• _Extracted material_:
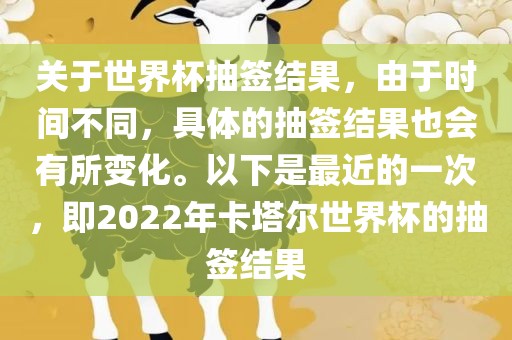 关于世界杯抽签结果,由于时间不同,具体的抽签结果也会有所变化。以下是最近的一次,即2022年卡塔尔世界杯的抽签结果
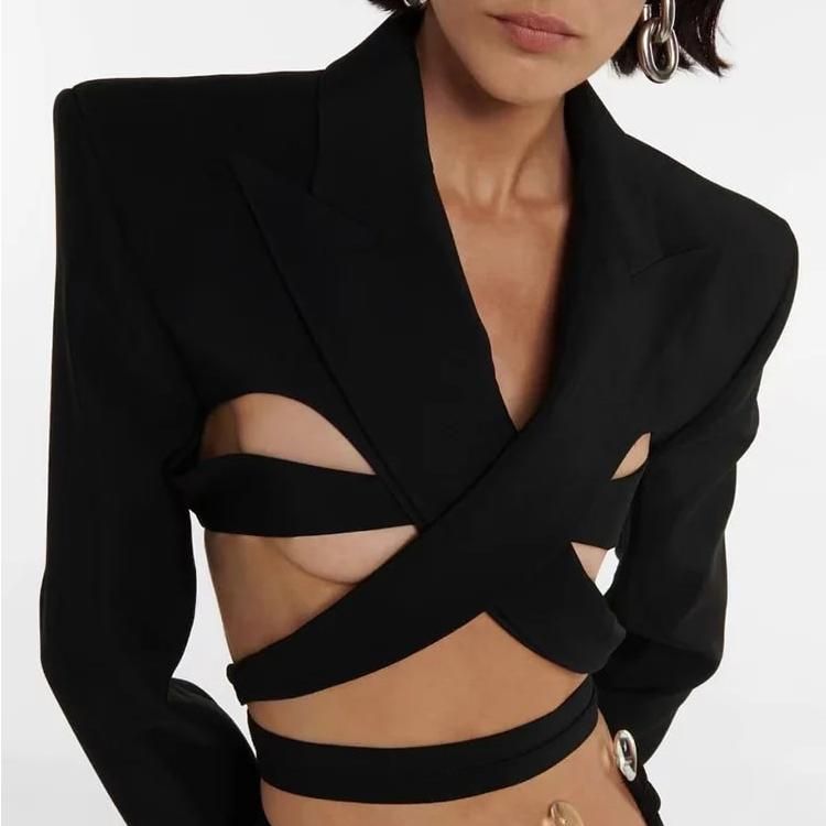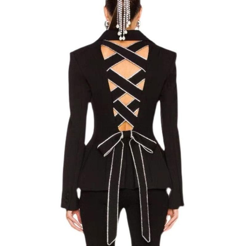 Diamond Hollow Out Bow Tie Women's Blazer
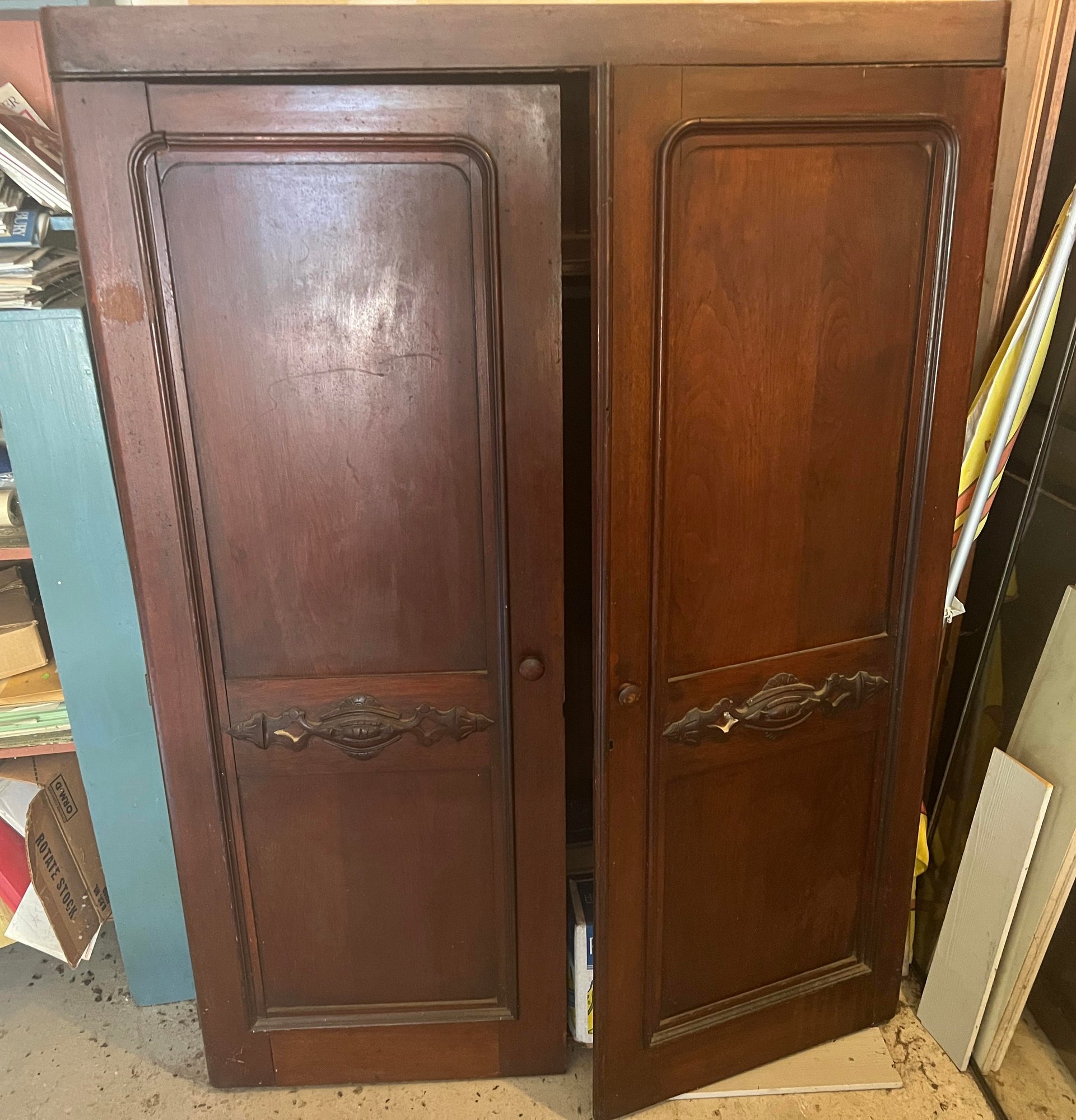 Or possibly just the top to an armoire. Probably just a good piece to put into your garage or basement and load up with storage items. 66" tall, 48" wide and 16" deep.
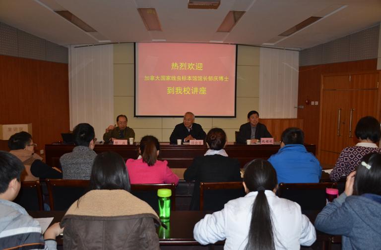 11月13日下午,加拿大国家线虫标本馆馆长、首席线虫分类专家、研究员郁庆博士应邀在校大礼堂第三报告厅为b次元
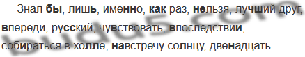 Знал (бы), лиш.., име(н,нн)о, (как)раз, (не)льзя, лу..чий друг, (в)переди, ру(с, сс)кий, чу(?)ствовать, (в)последстви.., соб..раться в хо(л, лл)е, (на)встречу со(?)нцу, две(н,нн)адцать.
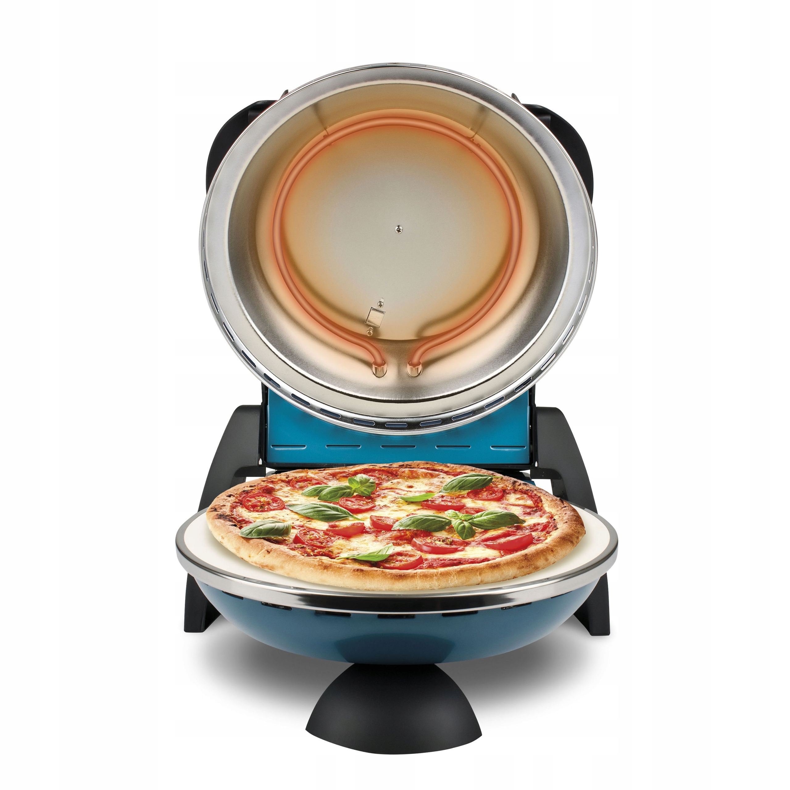 Два нагревателя, верхний и нижний, гарантируют равномерное пропекание вашей пиццы, нижний нагреватель, покрытый огнеупорным камнем, отвечает за идеальное пропекание теста и удаление лишней влаги из камня. тесто! .

• _Directions_: When you set down the material above, keep every word exact and include no pictures.

• _Solved problem_:
 关于世界杯抽签结果,由于时间不同,具体的抽签结果也会有所变化。以下是最近的一次,即2022年卡塔尔世界杯的抽签结果
 Diamond Hollow Out Bow Tie Women's Blazer
 Or possibly just the top to an armoire. Probably just a good piece to put into your garage or basement and load up with storage items. 66" tall, 48" wide and 16" deep.
 11月13日下午,加拿大国家线虫标本馆馆长、首席线虫分类专家、研究员郁庆博士应邀在校大礼堂第三报告厅为b次元
 Знал (бы), лиш.., име(н,нн)о, (как)раз, (не)льзя, лу..чий друг, (в)переди, ру(с, сс)кий, чу(?)ствовать, (в)последстви.., соб..раться в хо(л, лл)е, (на)встречу со(?)нцу, две(н,нн)адцать.
 Два нагревателя, верхний и нижний, гарантируют равномерное пропекание вашей пиццы, нижний нагреватель, покрытый огнеупорным камнем, отвечает за идеальное пропекание теста и удаление лишней влаги из камня. тесто! .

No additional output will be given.